* [BRIEF] What you write must be the listing below in full, word for word, minus its pictures.

DATA SECTION START

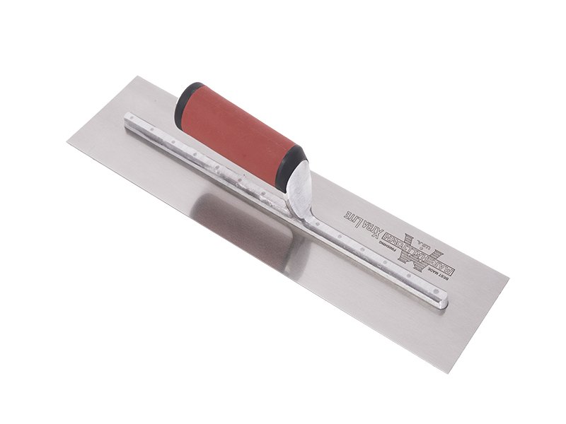 Die robuste Glättkelle von Marshalltown aus Carbonstahl mit Aluminiumgusshalterung und Vierkant Schaft. Patentierter, gerader Durasoftgriff für Komfort und Langlebigkeit. Einfacher Griffaustausch möglich. Maße: 406×102 mm.
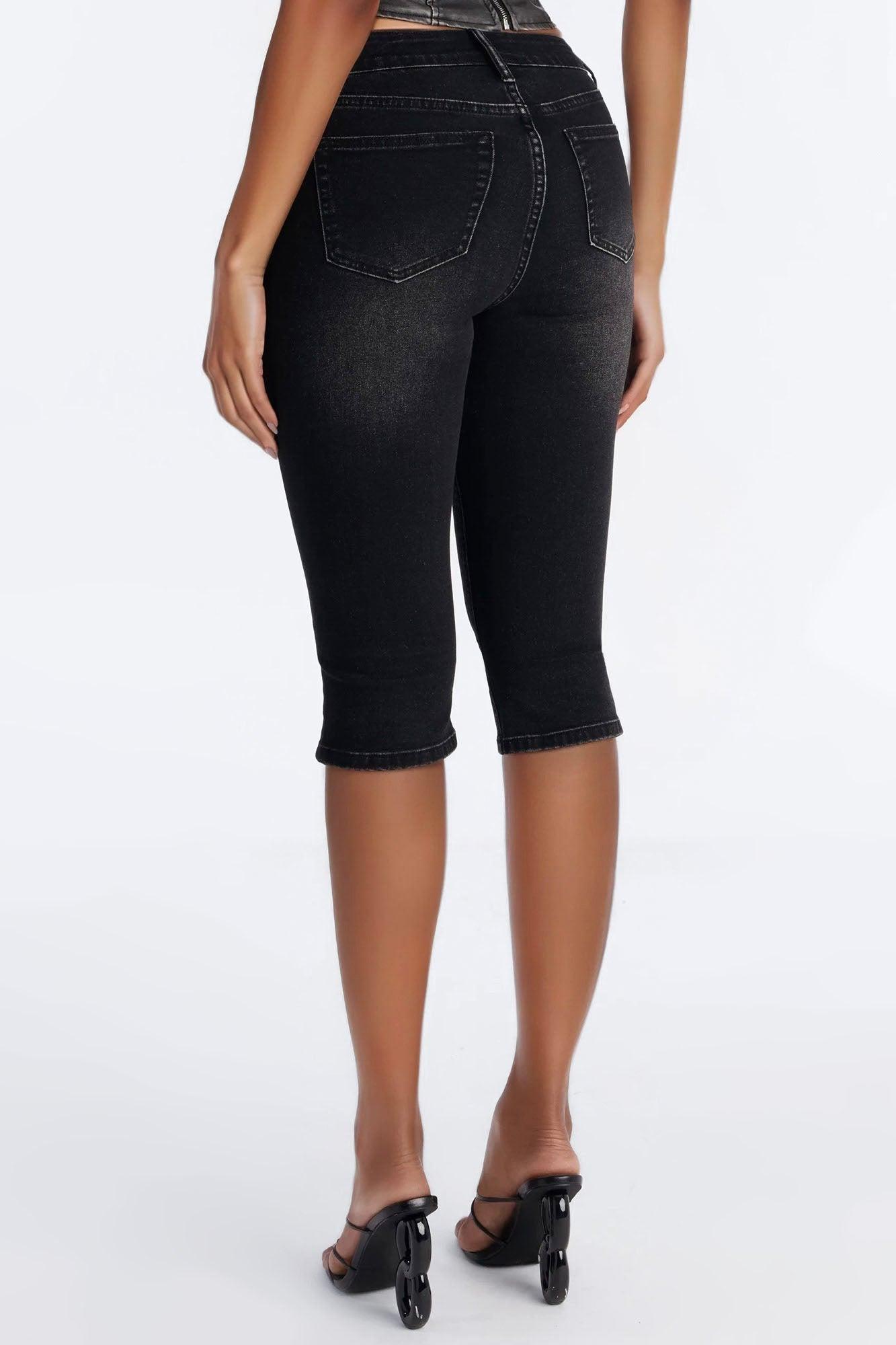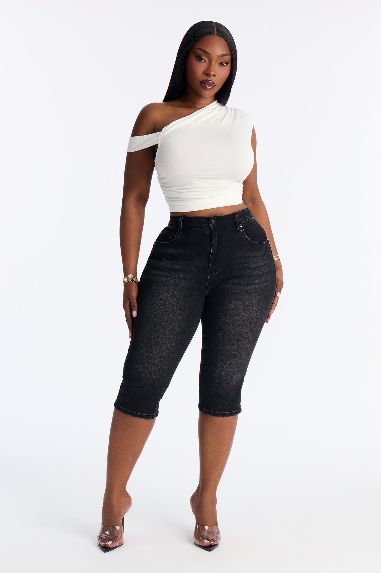 Available In Black, Dark Wash And Light Wash. Capri Jean 5 Pocket Dart Shaping Detail 11" High Rise 17" Inseam Medium Stretch Disclaimer: Due To The Specialized Wash Process, Each Garment Is Unique. 54% Cotton 26% Polyester 18% Rayon 2% Spandex Imported California Proposition 65WARNING: Cancer and Reproductive Harm - www.P65Warnings.ca.gov.
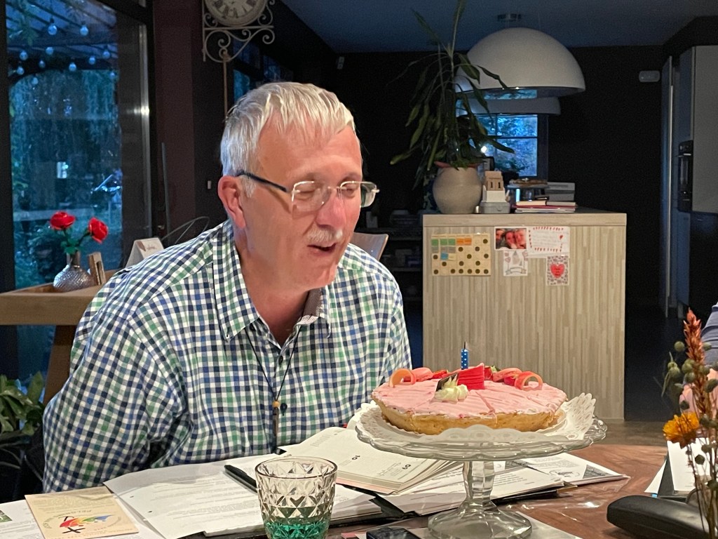 Tot slot war er ook tijd om te vieren. Geen hoogdag van een heilige, maar de verjaardag van pastoor Tjeu! Met een lekkere taart, voorzien van kaarsje en bijhorend gezang konden we ook hem even in de spreekwoordelijke bloemetjes zetten.
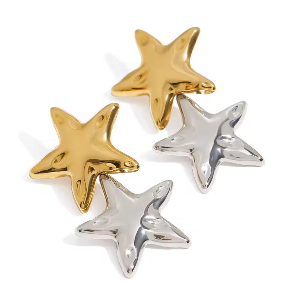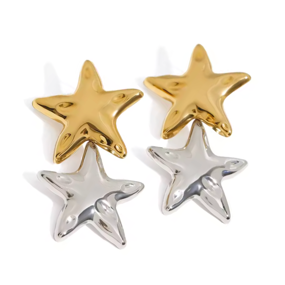 Two Tone Large Double Star Dangling Earrings - Pair - Stainless Steel

DATA SECTION END

* [SOLUTION TO THIS PROBLEM]
 Die robuste Glättkelle von Marshalltown aus Carbonstahl mit Aluminiumgusshalterung und Vierkant Schaft. Patentierter, gerader Durasoftgriff für Komfort und Langlebigkeit. Einfacher Griffaustausch möglich. Maße: 406×102 mm.
 Available In Black, Dark Wash And Light Wash. Capri Jean 5 Pocket Dart Shaping Detail 11" High Rise 17" Inseam Medium Stretch Disclaimer: Due To The Specialized Wash Process, Each Garment Is Unique. 54% Cotton 26% Polyester 18% Rayon 2% Spandex Imported California Proposition 65WARNING: Cancer and Reproductive Harm - www.P65Warnings.ca.gov.
 Tot slot war er ook tijd om te vieren. Geen hoogdag van een heilige, maar de verjaardag van pastoor Tjeu! Met een lekkere taart, voorzien van kaarsje en bijhorend gezang konden we ook hem even in de spreekwoordelijke bloemetjes zetten.
 Two Tone Large Double Star Dangling Earrings - Pair - Stainless Steel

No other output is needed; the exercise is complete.